Writers, Readers, Riders

Writers are also readers. Which means, I read a lot of books probably just like the ones that my readers read. One of the books I just finished was Kristen Britain’s Blackveil, the fourth book in her Green Rider series. This has been a particularly favorite series of mine because, not only am I a reader as well as a writer, but I’m also a ‘rider‘ myself (that is, a rider of horses).

I’ve been with this series since the beginning, and while apparently (from looking at the release dates of the previous books in the series) there has regularly been 4-5 years between books, I somehow managed to sort of skip over the wait (or felt like I did) up until now. I knew there was a fairly big span of time between releases, but I never knew it was THAT big. That means I’ve been following the series for over a decade, and suddenly I just can’t believe that I have to wait THREE MORE YEARS before I can read the next sequel! (Why did I never find this so distressing before?! What did I do to distract myself and shrug it off all those other times?)

Perhaps it’s because this latest had more of a cliff-hanger ending than the others, but I think it was actually just a very good installment, which really makes me want to keep reading.

Sigh.

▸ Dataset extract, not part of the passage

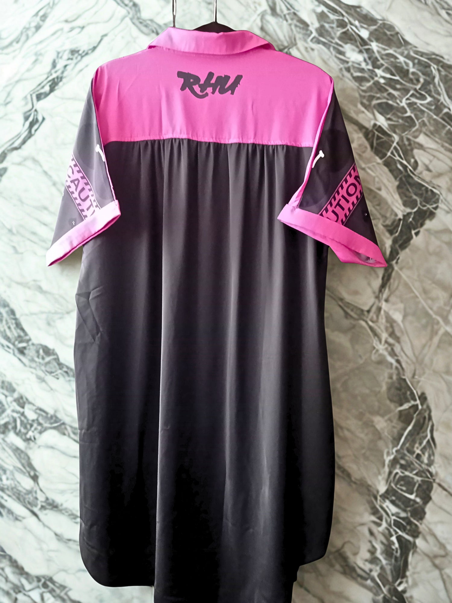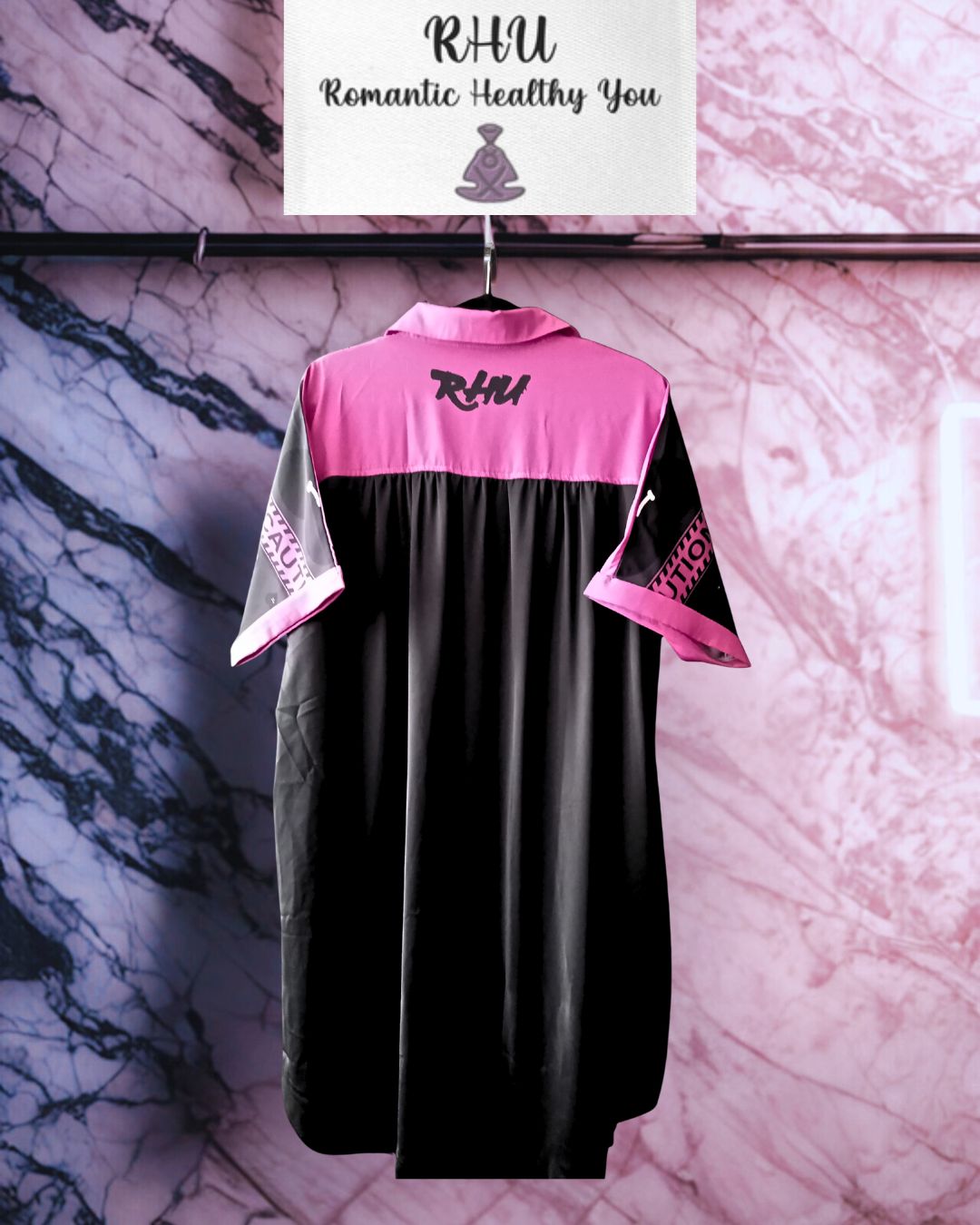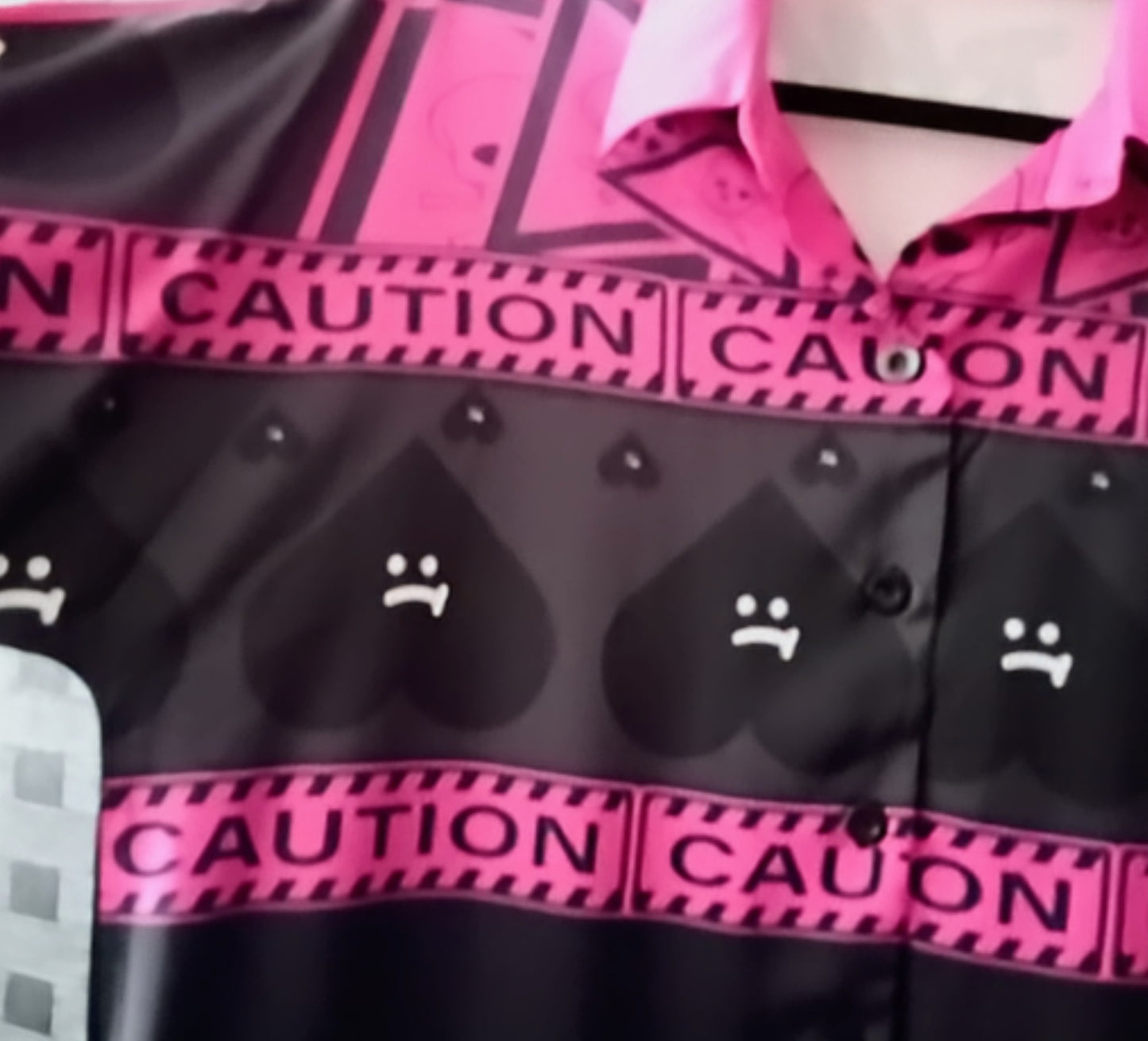 Pinky Caution Hearts T-Shirt Dress Lapel Buttons

Time to bury my nose in my own manuscripts for awhile and see how many I can get done in the time it takes the regular publishing industry to churn out something that (in my eager and unsympathetic opinion) should be more-or-less habit by now.

Anyway, it’s a good series! And if you’re not a horse-lover like the rest of us crazy horse-lovers that love the series, don’t worry – it’s much more epic fantasy than it is hardcore-horsey stuff. I just appreciate that it has that aspect, and that the author is actually an educated horsewoman, which translates into her work and makes the horse-and-rider aspect really authentic.

What are all the other authors out there reading right now?

A Sudden Demand for Sequels

I had this nice plan to get a couple sequels written this summer – the only question was which series to choose. I have a few that desperately need to be finished now that they’re started. Fortunately, I’ve had a couple fans stop by my blog and facebook page to inquire after certain sequels, so I thought – perfect! I’ll write these, since they’re ‘in demand’.

UNfortunately, I then proceeded to receive more visits by more fans inquiring about OTHER sequels. And since then, I’ve had inquiries about sequels to pretty much every book that needs one right now.  AAAAHHH! This is fantastic, of course, because it means people want to keep reading my work after they start! However, it kind of leaves me scrambling, wanting to get them all wrapped up at once. I mean, what if I choose one over another to work on first (and books tend to take awhile to write), and the fans waiting on the others lose patience and lose interest?

I don’t want to lose any fans!

For the future, of course, this teaches me to only work on one series at a time. Which seems like logic I might have observed from the beginning, but I honestly just didn’t expect there would be much of a demand.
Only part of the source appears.